Golden Top (1 pillar supporting heaven)
Okay everyone, get out the zepp album...you know the track I want to play. The cable cars DONT STOP! You have to hustle out either side quick like or you are going back down...the timid luckily cant get on or else they wouldnt ever get off...We get out of the tram car/sauna after passing many choice monk perches. Victor rides the car behind us...he's actually got business up here. He wants to become a Taoist priest but not stay up on goldentop and has to lobby for a permit. P and I are set to walk the rest of the way on the ...wait for it...stairway to heaven...actually getting to use that phrase is an odd badge of honor...much like the bruise I have on my forehead from passing out in the bathroom from TD (see past post)...Anyway victor said that hermits and meditators have been up here in caves since ancient times..in chinese, thats really old...like BCE stuff and I could see where they had hung out...meditated, converted and fossilized.
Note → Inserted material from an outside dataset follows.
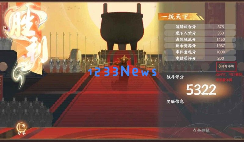 公式:375(演绎时间)+300(人才)+1425(城池)+750(粮)+750(钱)+200(军力)+200(结局评价)+1000(历史重现)=5000
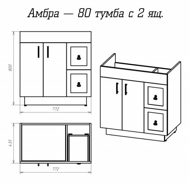 Тумба под раковину Misty Амбра-80 П-Амб0080-011-2Я с двумя ящиками

We start out ascent up winding skinny stairs to a patio where we pause for a picture or two.
We shared this spot for a second with a blue tailed lizard. And on again..Victor has a schedule to keep us on. Up more stairs to another patio with a few incense selling stands and a carved "very fine caligraphy". It says "One Pillar Supporting Heaven"
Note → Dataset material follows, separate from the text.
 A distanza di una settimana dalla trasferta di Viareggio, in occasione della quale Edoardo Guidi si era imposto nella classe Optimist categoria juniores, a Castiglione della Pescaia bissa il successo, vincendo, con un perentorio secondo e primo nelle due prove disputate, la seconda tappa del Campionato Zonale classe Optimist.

Kind of like Goldentop's mission statement...a good one at that...to the point. We buy incense and we both make offerings in this icehouse sized incense burner, I prayed for our new dughter. I dont know what P prayed for but she started to cry afterwards so...Then...guess what? Up more stairs...just short though a door....
OKAY HANG ON FLASH FORWARD!! BTW now it's 5pm Wuhan BestWestern and I just changed my daughter's first poop in our family...BIG NEWS cause we've been pumping her with apple juice, watermellon and teething biscits for 36 hours...it had to blow sometime and we were eagerly awaiting this blessed event...which just happened now 2 times in the last 30 minutes...never been so happy to smell diareah before..she fits in with mom and papa now..at least at one point she stood there..peeing on the floor...and laughed with us.
okay back to the misty mountain... we go through a door into a coutyard where shrines lead off all sides. each has sliding doors which are locked and some purpose related to the life of Zhengwu the mystic who is the root of his whole mountain. I'll find a link to his story so I dont butcher it.